AlphaFold8 is a machine learning (ML)-based program that predicts a protein structure based on the amino acid sequence. Its second generation, AlphaFold2 won the CASP14 challenge in 2020 in predicting protein folds, outperforming all previous algorithms for fold prediction from individual protein sequences. Chemical and Engineering News wrote “At this year’s competition, two-thirds of the protein structures predicted by AlphaFold were within experimental error. Basically, these structures were as good as the ones researchers could obtain through their laboratory techniques.”9

These experimental techniques, such as Cryo-EM, are currently the main method for structure solution, and will certainly remain in use, in particular in studies focussing on large macromolecular assemblies with complex interactions. However, some structure determinations can now be replaced by ML-based fold prediction. AlphaFold2, and its alternative RoseTTAFold which is also ML-based, are already used to solve, model and improve protein structures,10–13 and ab initio model building in electron density or Cryo-EM reconstruction maps will no longer be a major challenge for experimental structural biology. This will have significant impact, not only for single-particle cryo-electron microscopy and crystallography, but also on NMR, electron tomography and small angle X-ray scattering. Most developments detailed here are very recent and ongoing, with many references being not yet peer-reviewed.
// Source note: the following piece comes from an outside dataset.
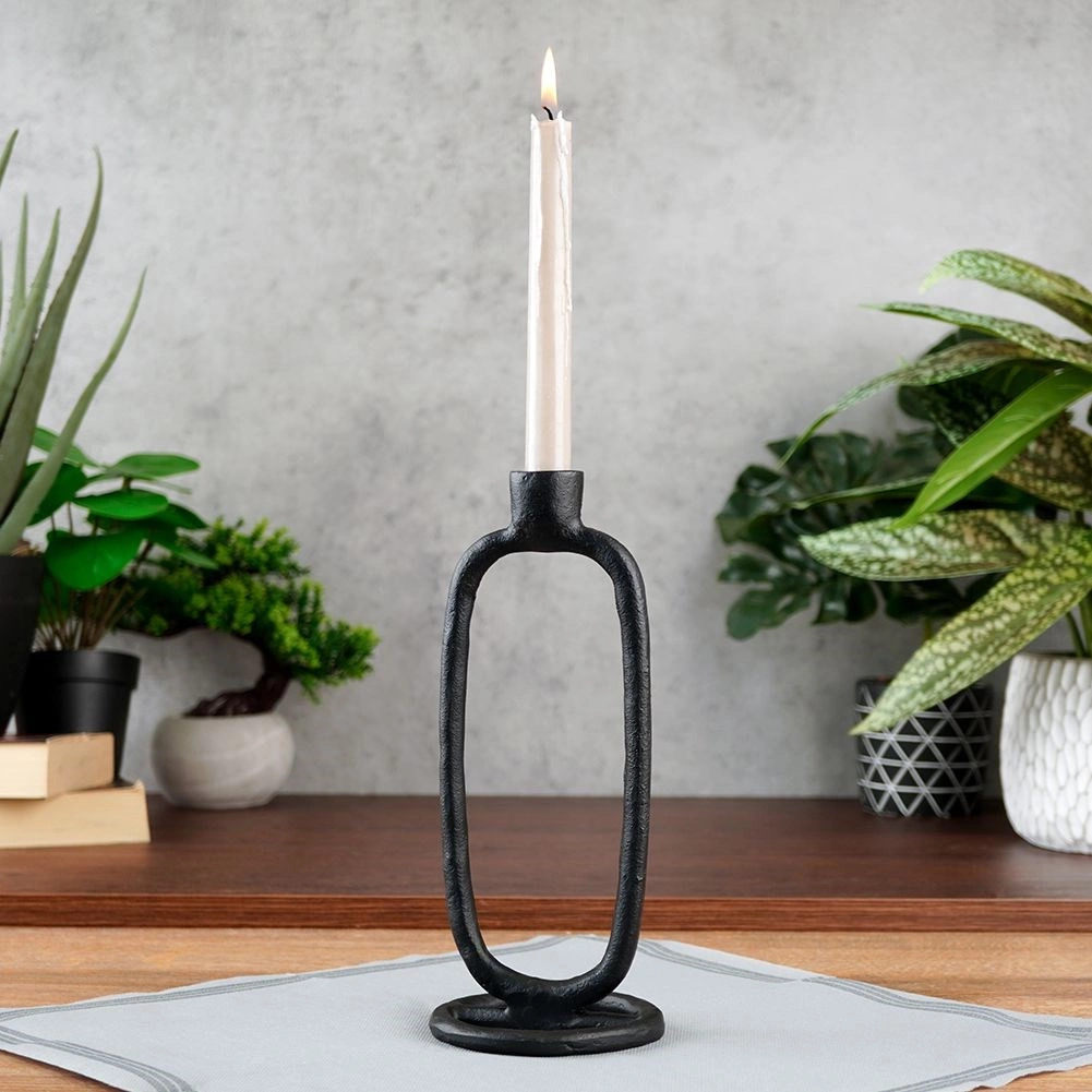 Sfeșnicul modern negru din aluminiu pentru lumânare lungă adaugă interiorului eleganță și un stil minimalist. Are o bază circulară stabilă, se potrivește în decor loft/industrial cât și clasic și arată excelent pe masă, comodă sau raft.

Therefore, selected examples from our work as part of the Coronavirus Structural Task Force will be used to highlight major points. This task force is an initiative of 26 structural biologists and students who focus on evaluating, improving and consolidating our knowledge of SARS-CoV-2 by critically assessing and disseminating structural information about SARS-CoV-2 proteins,14 which occasionally involves machine learning-based fold prediction as well. For the sake of simplicity, we focus here on AlphaFold2 and do not compare it with RoseTTAFold, as both tools face similar challenges.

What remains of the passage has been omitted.